GOAL OF THE EXERCISE: For this exercise, output the entries below exactly from the line that holds "DG - Elternschlafzimmer" to the line that holds "En las salas", both ends included. No pictures belong in the copy.

RECORD SET:

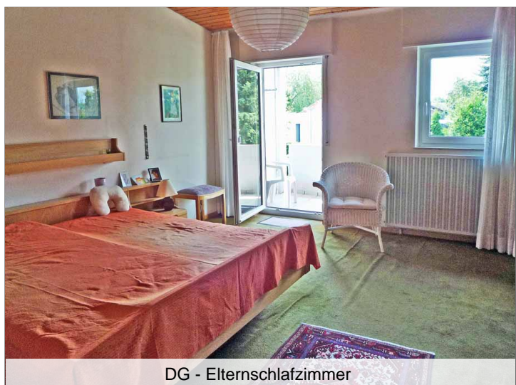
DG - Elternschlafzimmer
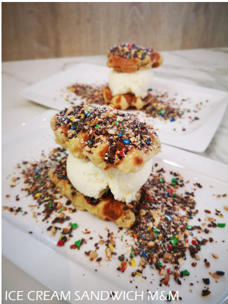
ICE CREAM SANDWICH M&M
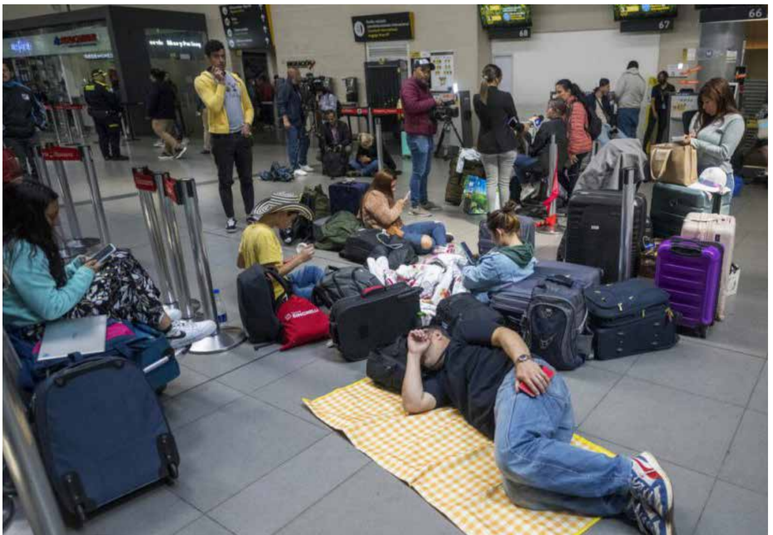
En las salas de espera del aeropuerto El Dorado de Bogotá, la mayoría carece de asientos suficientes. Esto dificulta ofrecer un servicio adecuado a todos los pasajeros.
--
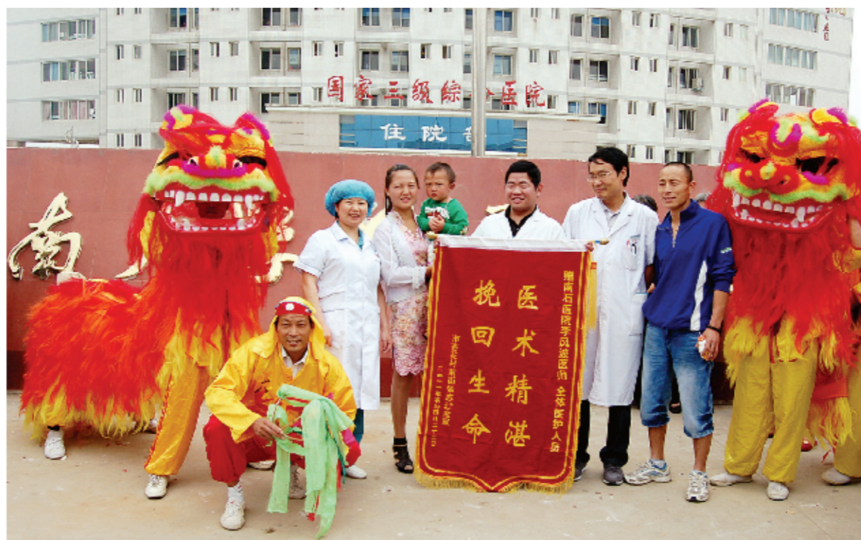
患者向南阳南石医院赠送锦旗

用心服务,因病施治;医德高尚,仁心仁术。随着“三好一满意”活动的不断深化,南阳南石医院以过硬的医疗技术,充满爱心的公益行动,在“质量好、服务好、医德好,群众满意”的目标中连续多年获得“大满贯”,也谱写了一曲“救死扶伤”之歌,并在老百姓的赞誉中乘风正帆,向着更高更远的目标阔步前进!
* * *
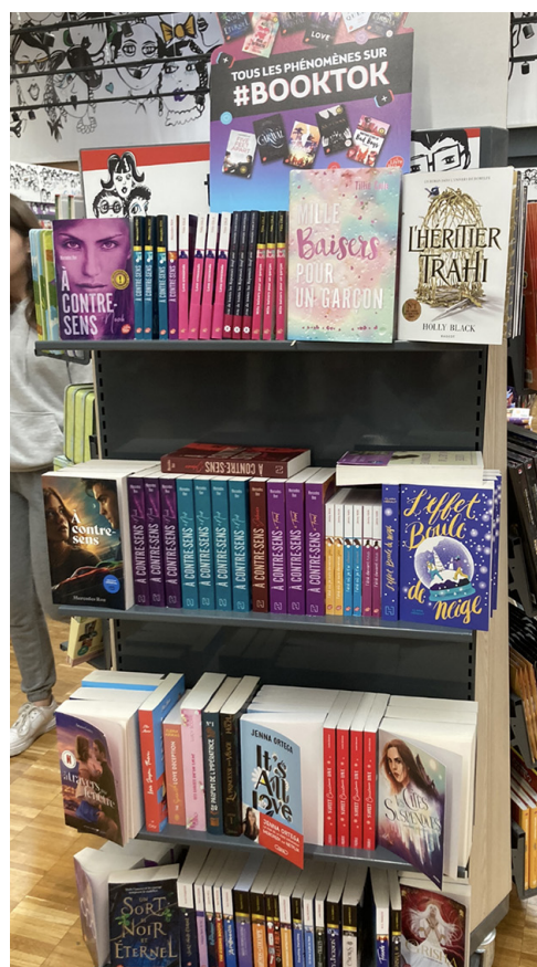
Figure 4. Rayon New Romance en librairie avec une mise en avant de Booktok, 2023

RESPONSE:
DG - Elternschlafzimmer
ICE CREAM SANDWICH M&M
En las salas de espera del aeropuerto El Dorado de Bogotá, la mayoría carece de asientos suficientes. Esto dificulta ofrecer un servicio adecuado a todos los pasajeros.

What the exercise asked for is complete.